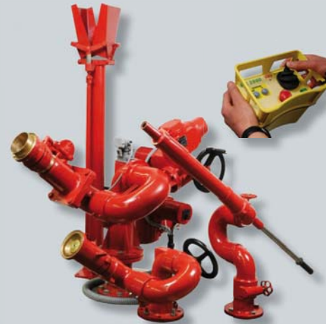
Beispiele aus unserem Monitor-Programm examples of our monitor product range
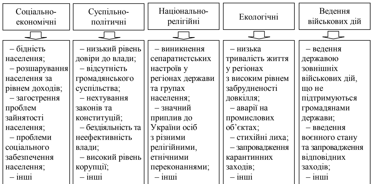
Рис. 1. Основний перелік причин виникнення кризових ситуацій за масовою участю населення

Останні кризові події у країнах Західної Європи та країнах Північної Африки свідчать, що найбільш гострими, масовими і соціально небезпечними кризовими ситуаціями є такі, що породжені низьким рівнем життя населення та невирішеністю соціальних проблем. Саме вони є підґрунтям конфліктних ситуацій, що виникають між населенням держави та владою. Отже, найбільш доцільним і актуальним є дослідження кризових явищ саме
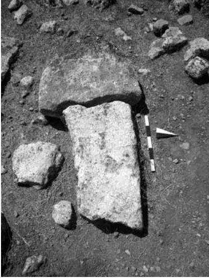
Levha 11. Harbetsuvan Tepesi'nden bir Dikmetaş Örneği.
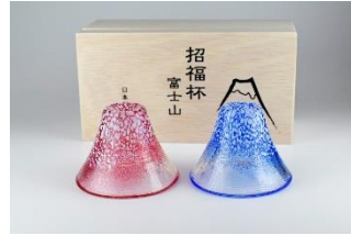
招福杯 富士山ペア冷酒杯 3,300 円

## About this exercise:
From the line containing "Останні кризові події" through the last line of the records above, reproduce every line exactly, leaving out the pictures.

## Result of this exercise:
Останні кризові події у країнах Західної Європи та країнах Північної Африки свідчать, що найбільш гострими, масовими і соціально небезпечними кризовими ситуаціями є такі, що породжені низьким рівнем життя населення та невирішеністю соціальних проблем. Саме вони є підґрунтям конфліктних ситуацій, що виникають між населенням держави та владою. Отже, найбільш доцільним і актуальним є дослідження кризових явищ саме
Levha 11. Harbetsuvan Tepesi'nden bir Dikmetaş Örneği.
招福杯 富士山ペア冷酒杯 3,300 円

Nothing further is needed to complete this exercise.